Please move if this isn't the right place for this question! 

So, I'm on CD 62 (ish, I'd have to look). The last several months I've been pretty darn regular (yay!) at 27-31 days. I had a fantastic-looking ovulatory chart, until my temp dropped (about 12DPO) and AF never came to visit. I've taken 4 or 5 hpts, all BFN. SO.......

I've been having acupuncture and focusing on getting my cycle back on track, which I usually respond to quickly (as in, the last time we tried this, AF came to visit on the drive home from acupuncture), but I haven't responded at all in the last 3 weeks.

I've also been trying parsley w/ginger tea, another emmenagogue that tends to work very quickly for me - I've been drinking the stuff since Saturday... nothing.

EPO tends to stop any bleeding, and hasn't worked to bring AF around...

I'm really not interested in hormones, although I may consider the OTC progesterone cream for an attempt at a withdrawal bleed... but I really don't feel like it.

Part of me is still clinging to that hope that I could be one of those one-in-a-hundred-million that doesn't appear to be pregnant by all normal signs (BFN, temp, symptoms, etc.), but ends up with a big surprise a few months down the line... so I don't want anything super-harsh that would terminate if my wildest dreams do come true...









But, since I'm not having ANY cm pattern (before my cycle was regular, I would have cm changes [e.g. gearing up to O] every 7-10 days, but I've had NO cm changes since I o'd forever ago [or thought I O'd]), I'm not sure what's really going on... and, uh, refer to that last little paragraph... ha!

I haven't updated FF... I know, bad me... but there's not much to see but more of the same (i.e. Temps have been 97.7-ish for, oh, 50 days...). Here, I think... I hope... if not, there's a pic here (about 8 posts down)...

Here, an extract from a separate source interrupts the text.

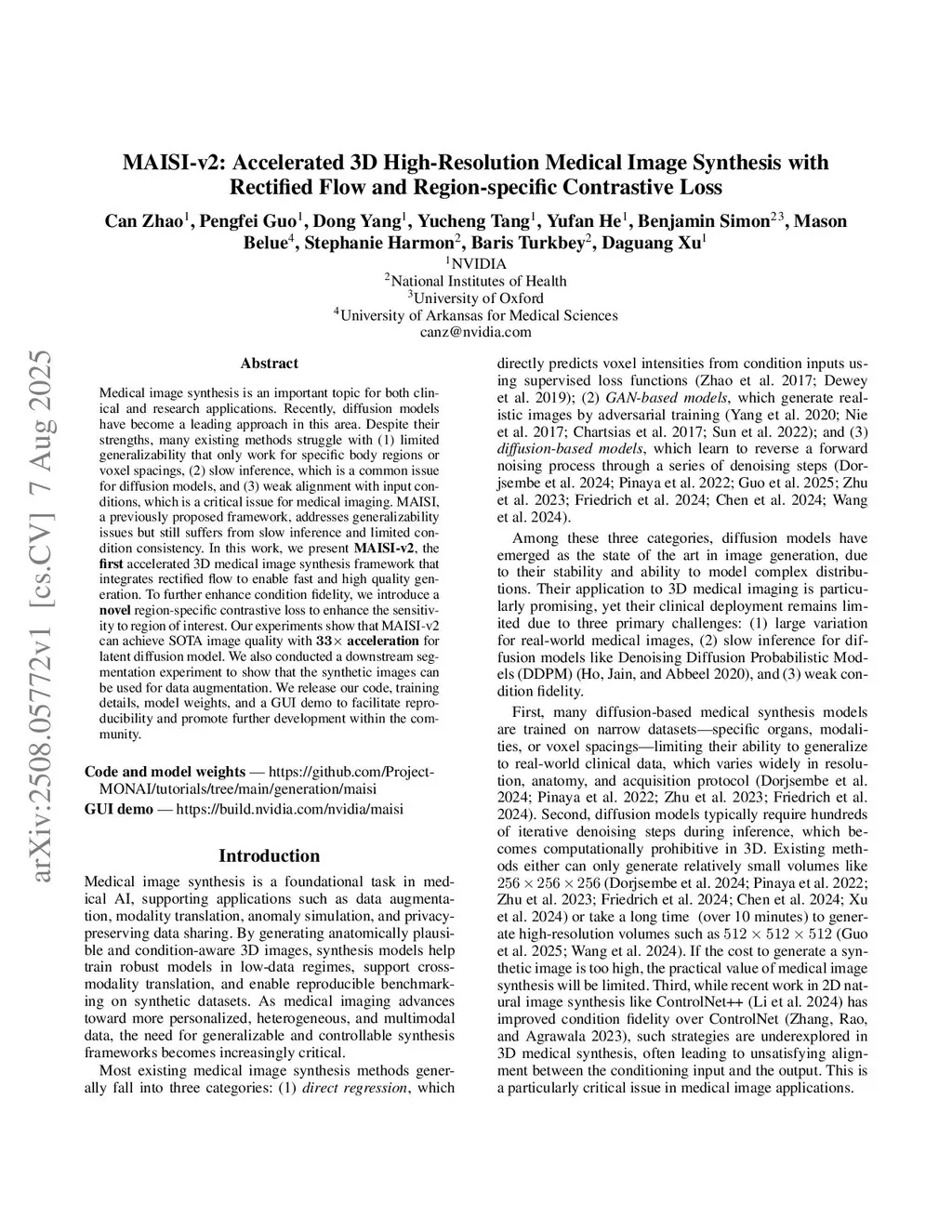 MAISI-v2: Accelerated 3D High-Resolution Medical Image Synthesis with Rectified Flow and Region-specific Contrastive Loss

*So, any suggestions for emmenagogues or other ways to encourage a visit from AF... bring 'em on!!!*

Thanks, ladies!

Rainy


----------



## bugglette (Mar 5, 2011)

Sorry, I have no advice on how to induce AF...just wanted to say that I'm sorta in the same boat. 21dpo, temp dip, no AF and no BFP.

Also, looking at that image of your chart, it looks to me like you have not ovulated yet....but if your temps usually fluctuate so much, I could be wrong. take a look at the chart from my last cycle, it was 135 days long, with O on cd120. I didn't temp the entire cycle, but i did have what I call a 'false' O, where I thought I had ovulated, and FF even gave me CH, but then my temp dipped (and rose and dipped) and it was obvious I had not. I'm sure if I had been temping the entire cycle I would have a few other faux Os before that too.

The second chart down, not the first:

http://www.fertilityfriend.com/home/340d7a

HTH!


----------



## Adaline'sMama (Apr 16, 2010)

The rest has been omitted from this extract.